◆ ASSIGNED TASK ◆
Print the material below exactly as it stands, please, from its first line to the line holding "Wir starten mit", with no pictures.

◆ DATA EXCERPT ◆
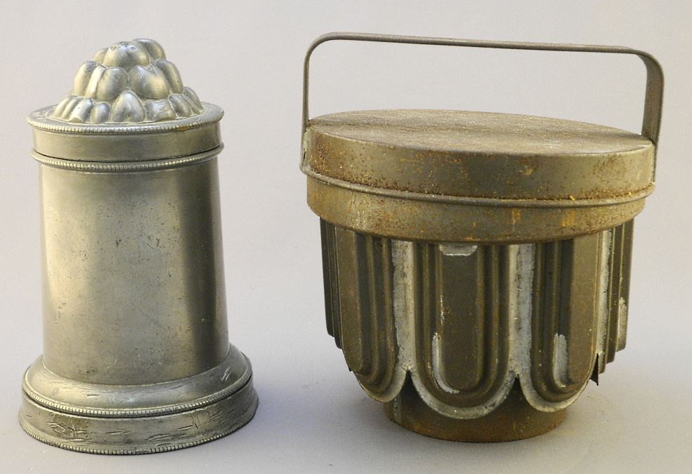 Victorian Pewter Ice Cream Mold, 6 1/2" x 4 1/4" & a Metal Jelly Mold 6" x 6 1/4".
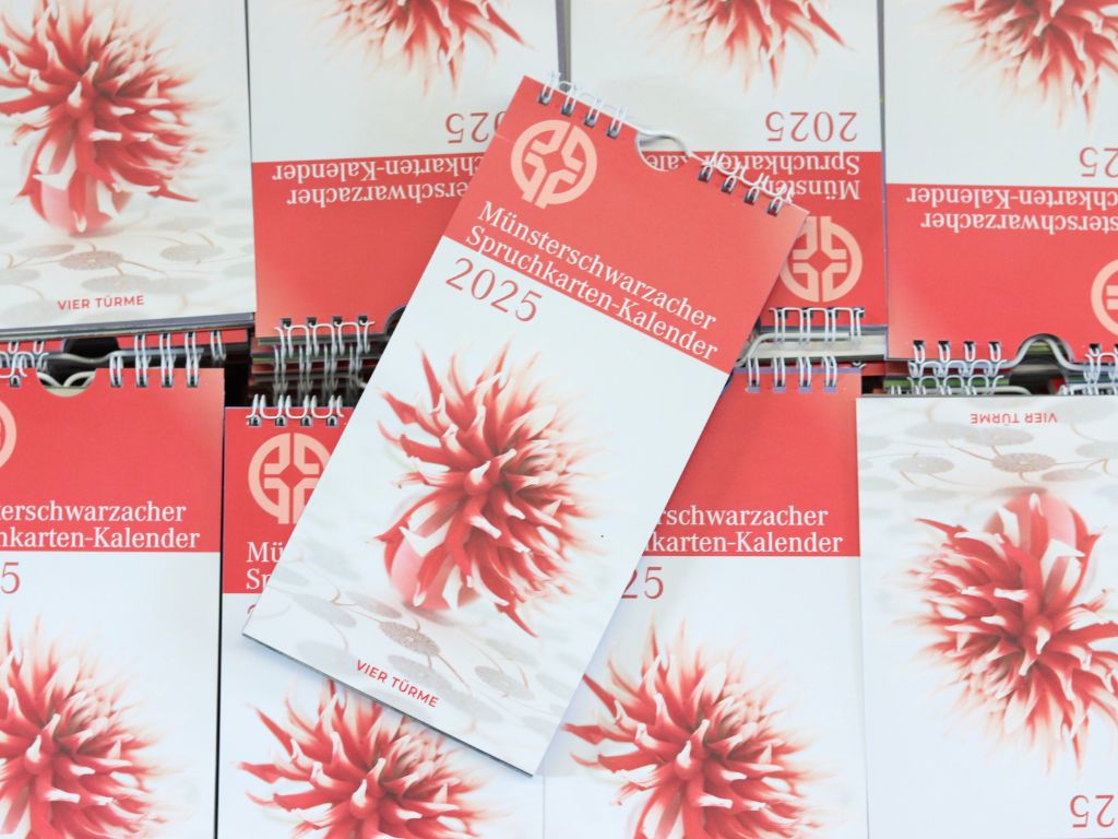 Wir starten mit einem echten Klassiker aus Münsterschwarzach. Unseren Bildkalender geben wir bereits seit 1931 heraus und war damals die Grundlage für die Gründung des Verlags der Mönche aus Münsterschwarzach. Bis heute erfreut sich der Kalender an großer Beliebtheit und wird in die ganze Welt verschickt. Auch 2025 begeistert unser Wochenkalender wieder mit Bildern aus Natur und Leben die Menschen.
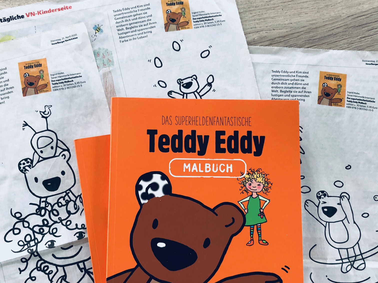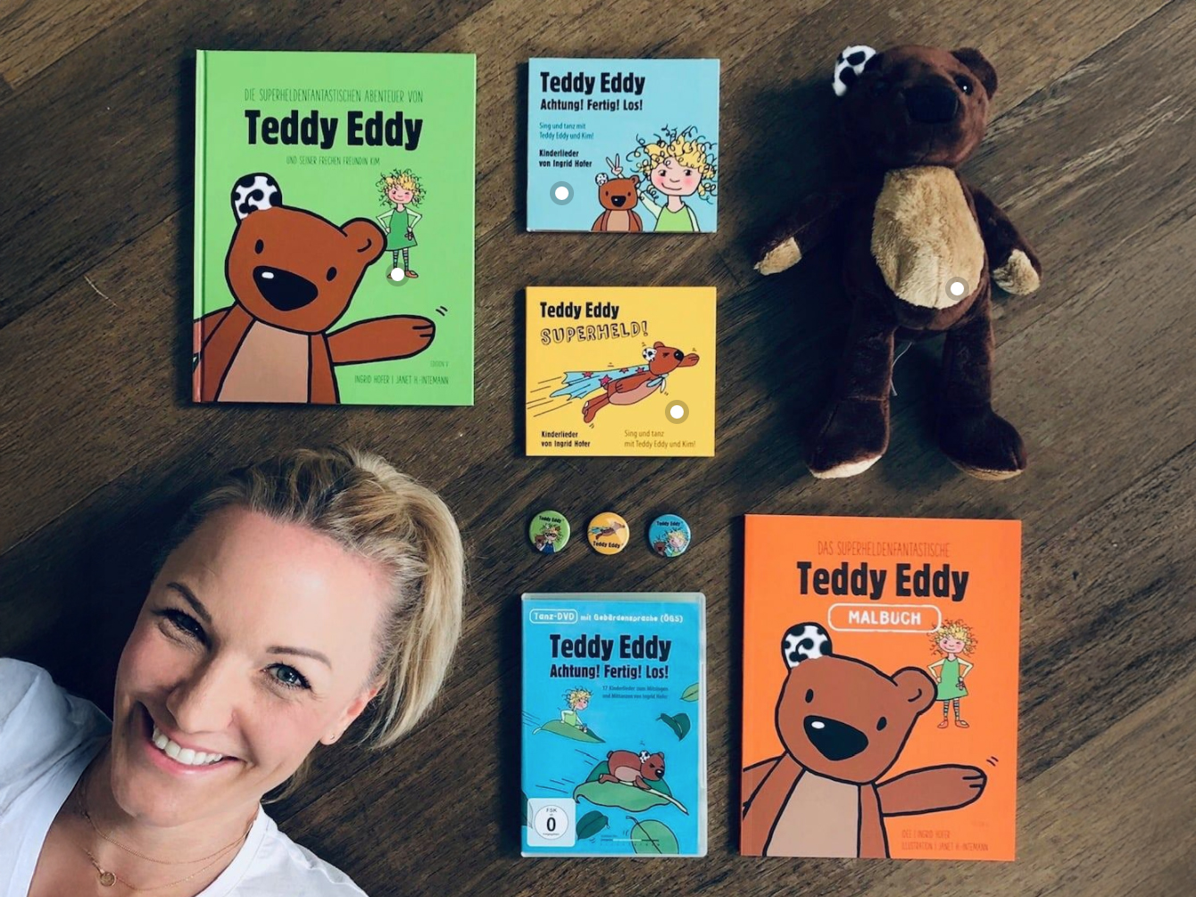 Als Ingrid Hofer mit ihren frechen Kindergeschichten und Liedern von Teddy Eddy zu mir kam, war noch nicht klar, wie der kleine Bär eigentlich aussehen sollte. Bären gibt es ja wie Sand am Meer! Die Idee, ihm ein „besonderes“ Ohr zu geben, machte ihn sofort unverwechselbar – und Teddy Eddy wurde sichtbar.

◆ ANSWER BELOW ◆
 Victorian Pewter Ice Cream Mold, 6 1/2" x 4 1/4" & a Metal Jelly Mold 6" x 6 1/4".
 Wir starten mit einem echten Klassiker aus Münsterschwarzach. Unseren Bildkalender geben wir bereits seit 1931 heraus und war damals die Grundlage für die Gründung des Verlags der Mönche aus Münsterschwarzach. Bis heute erfreut sich der Kalender an großer Beliebtheit und wird in die ganze Welt verschickt. Auch 2025 begeistert unser Wochenkalender wieder mit Bildern aus Natur und Leben die Menschen.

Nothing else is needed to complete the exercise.